Uno de los rasgos que evidencian la inmadurez de nuestra democracia es la incapacidad de las élites para enfrentar legítimamente sus adversarios. El temor al desplazamiento por sectores mayoritarios ha motivado a la élite asegurarse que el marco legal responda a sus intereses. Así, ante el surgimiento de una amenaza (por ejemplo, una reforma fiscal o un candidato electoral con poder popular), ese marco legal hecho a la medida provee el “respaldo” para la descalificación y la exclusión del adversario. Rasgos cotidianos en esta coyuntura electoral.
En esta lógica es que se enmarcan las prohibiciones que contienen los artículos 186 y 187 de nuestra Constitución. Democracias más exitosas que la nuestra, incluso en algunos de nuestros vecinos más cercanos, nos muestran que estas prohibiciones no constituyen condiciones necesarias o indispensables para la conformación de una democracia funcional.
Es claro quela Asamblea NacionalConstituyente tuvo motivaciones muy locales para imponer estas prohibiciones. Incluso, mediaron motivaciones coyunturales. Es decir, que esas prohibiciones estuvieran dirigidas o dedicadas a personajes de la coyuntura política de 1985.
Esa reflexión inevitablemente hace pensar en el caso de Efraín Ríos Montt. Aunque no nos gustara, Ríos sí participó en las elecciones. Pero ese acto forzado que eludió exitosamente una norma de legitimidad cuestionable, fue aplastado por un poder muy superior: la decisión popular. El General compitió en las elecciones, y perdió.
La verdad, mientras más se esforzaban los detractores del General en impedir la candidatura con tácticas legales, más lo fortalecían, victimizándolo. Prevaleció la desconfianza que la mayoría decidiera elegirlo, y el temor impulsó equipos de juristas dedicados a impedir la candidatura. Ese equipo de juristas fue derrotando tanto como el General.
Hoy la historia se repite. Varias candidaturas son señaladas de contravenir las prohibiciones constitucionales. Quizá la más notable es la de Sandra Torres. Se han conformado equipos de abogados feroces que agotarán hasta el último recurso para impedir su candidatura. Hace unos días los medios elevaron al más alto perfil el amparo otorgado por la jueza de primera instancia civil de Santa Lucía Cotzumalguapa, Escuintla (según nota de Prensa Libre, jueza sobre quien pesan serias acusaciones), atacando la inscripción del “divorcio presidencial” en el Registro Nacional de las Personas.

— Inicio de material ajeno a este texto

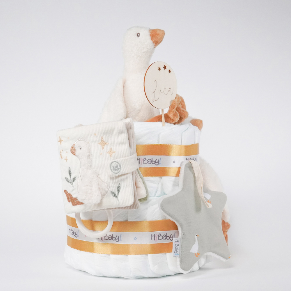 La Tarta pañales 2 pisos Little goose, es el regalo ideal para un bebé recién nacido.
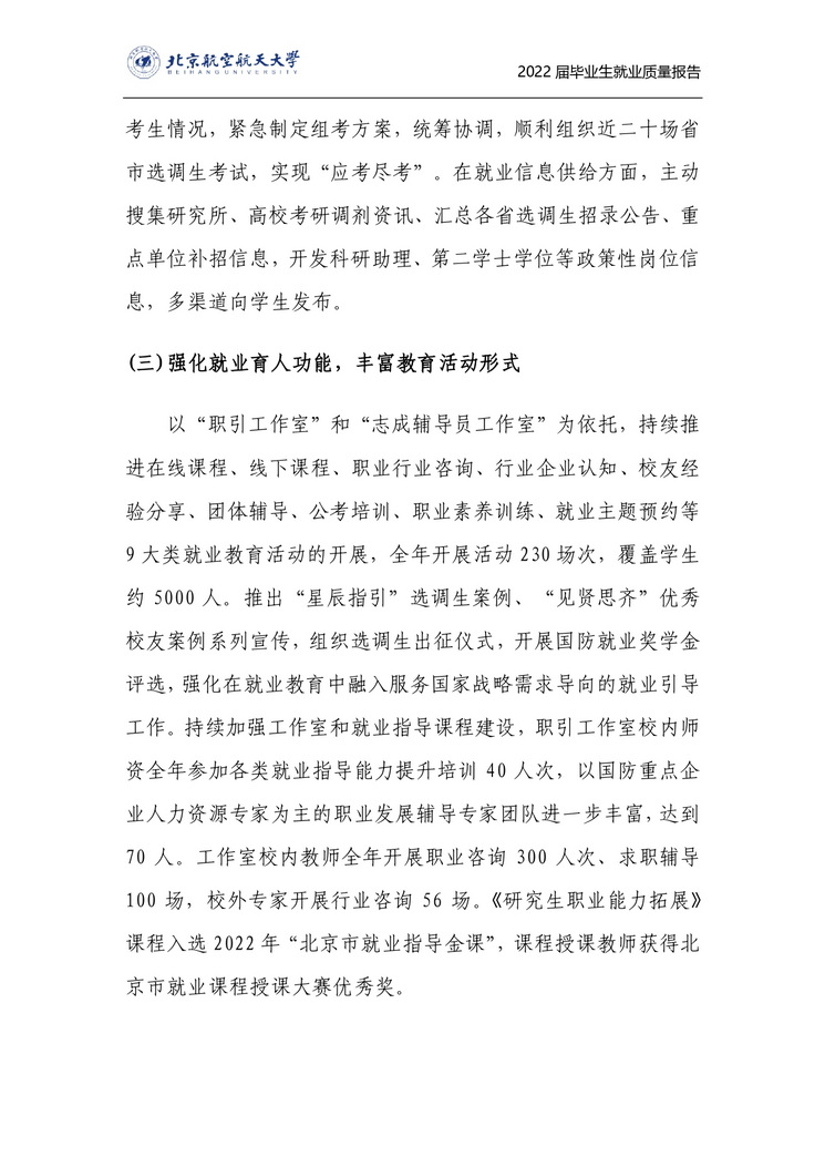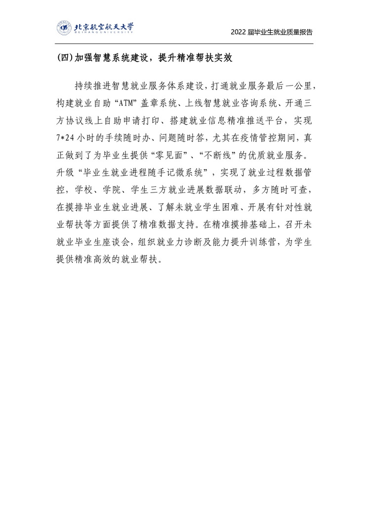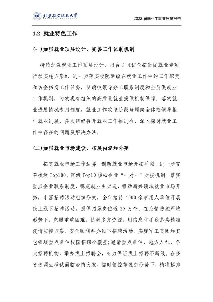 为深入学习贯彻习近平新时代中国特色社会主义思想和党的二十大精神,落实党中央、国务院关于稳就业、保就业的相关要求,努力实现更加充分和更高质量就业,北京航空航天大学全面推进了智慧就业服务体系的构建与落实,建机制、搭平台、拓资源、精服务,确保了多重压力下就业工作的平稳推进,实现毕业生充分高质量就业。
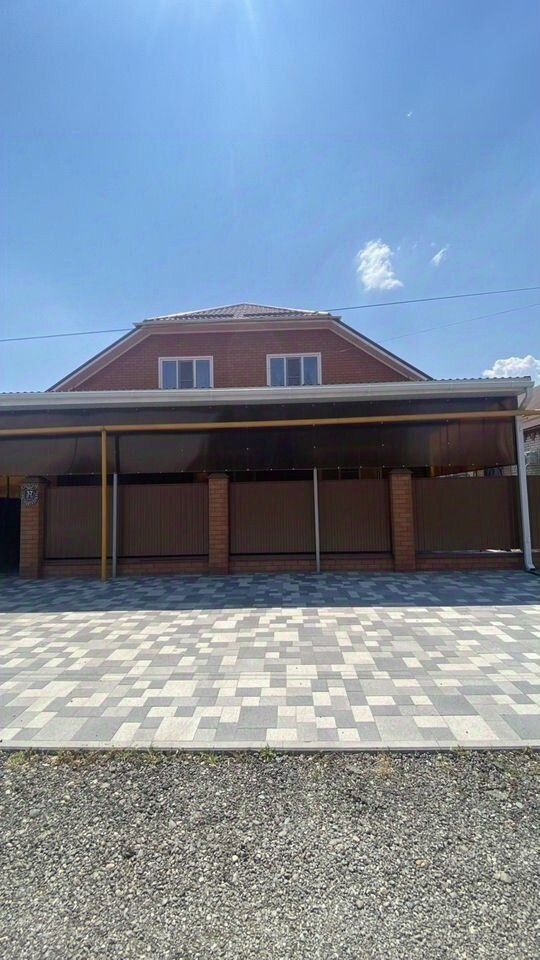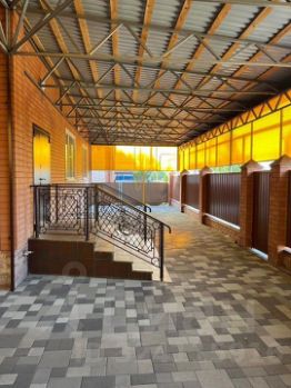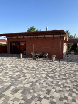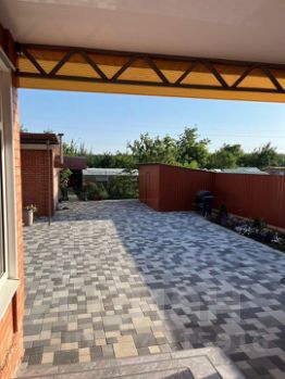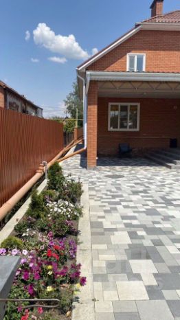 Двор, как и подъезд к дому, вымощен плиткой. Установлена автоматическая система откатных ворот. По всему периметру двора - навес.
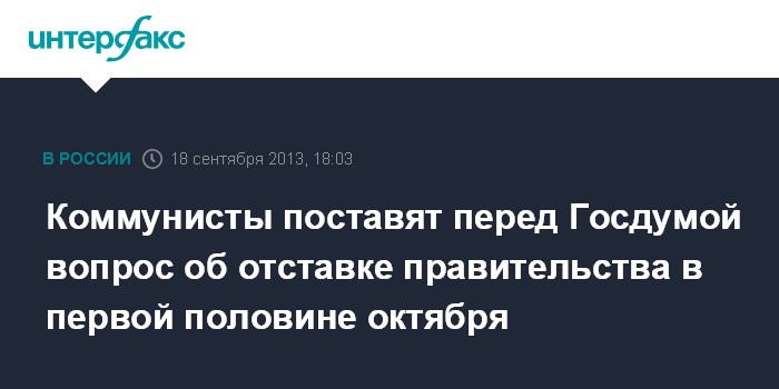 "Предложение о том, чтобы отправить правительство РФ в отставку, будет внесено в Госдуму в первой половине октября", - сказал "Интерфаксу" источник в КПРФ в среду.
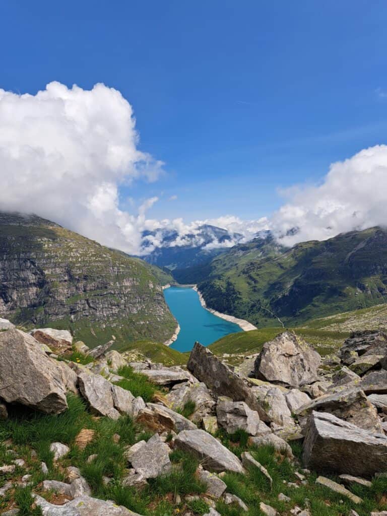Once at the top, we are rewarded with a magnificent 360° panorama: the view sweeps over the Valsertal valley, the deep blue reservoir and the peaks all around - a perfect place for a short break, to take a deep breath and marvel. The descent is via the Nanouk route, abseiling back to the foot of the wall, then on foot and possibly by bike back to the starting point. Finally, we enjoy a cool drink in one of the cosy inns in Vals and reflect on the tour.
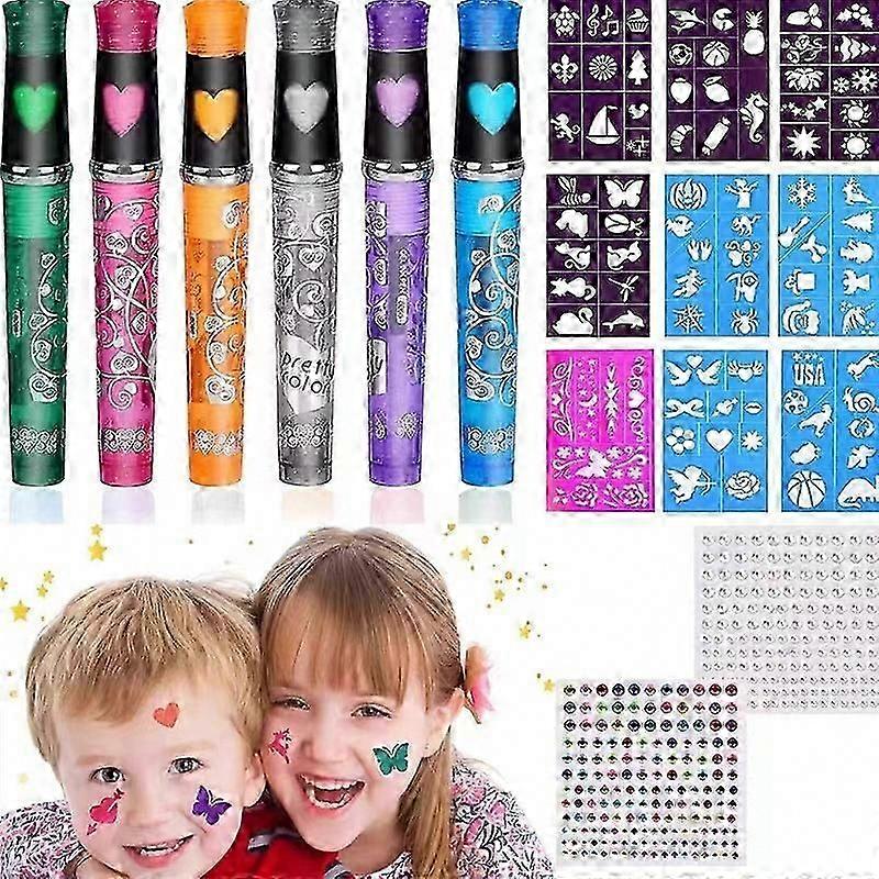 Glow-in-the-Dark Tattoo Pen Set - 6 Luminous Glitter Gel Pens with Stencils for Kids & Adults, Party & Festival Body Art
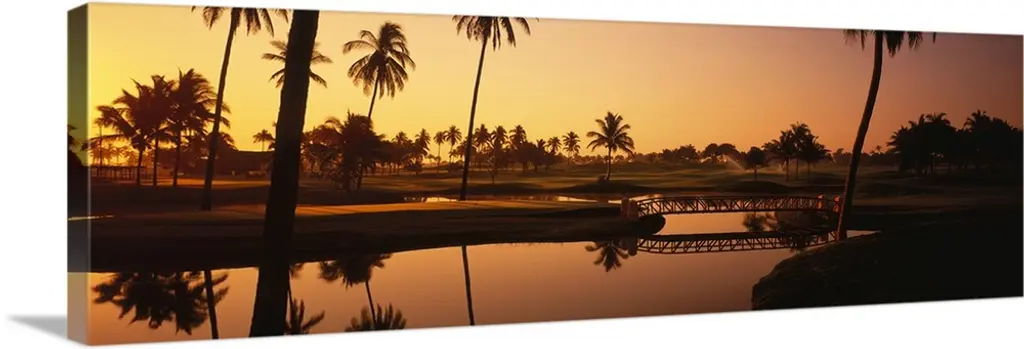Icanvas "Palm Course, Desert Springs Golf Club, Jw Marriott Desert Springs Resort & Spa" By Panoramic Images Framed Canvas Print - 16x48 - Black

Pero como contraste de lo más interesante es que incluso su principal conteniente, Otto Pérez, no está recurriendo a la descalificación o la exclusión. Hace unos días le escuché referirse a la señora Torres como la “candidata oficialista”, retándola a debatir y competir. Y es muy lógico, porque pareciera que el general Pérez tiene bien claro que ganaría mucho mejor derrotando a Torres en el campo electoral, que impidiéndole que compita. Al general Pérez le conviene demostrar que no le tiene ningún temor a la candidatura de Torres.
De esto lo que uno puede concluir es que la élite teme tanto que la señora Torres sea candidata, al punto que desconfía que Otto Pérez pueda ganarle en buena lid (seguramente muy a disgusto de éste). Y es que, encabezando las encuestas (manipuladas o no), a Pérez no le ayuda que victimicen a su contendiente, porque al igual que como ocurría con Ríos Montt, mientras más la atacan, más la ayudan. De esta forma, la élite cree más en la victoria de Torres que en la del líder del Partido Patriota.
Así, Otto Pérez está seguro de su victoria. Sandra Torres también. Ambos candidatos parecen estar confiados en tener la democracia de su lado. Sin embargo la élite, timorata por naturaleza, desconfía de la decisión popular. Desconfía de la capacidad de Otto Pérez para lograr la victoria por medios lícitos, así que, como antes, ha lanzado su jauría de abogados feroces a impedir la candidatura de Torres.
Me parece que el juego más limpio es no excluir a nadie, y permitir que seamos los votantes quienes decidamos. Vaya si el general Ríos lo sabe, esa sí fue una lección bien aprendida.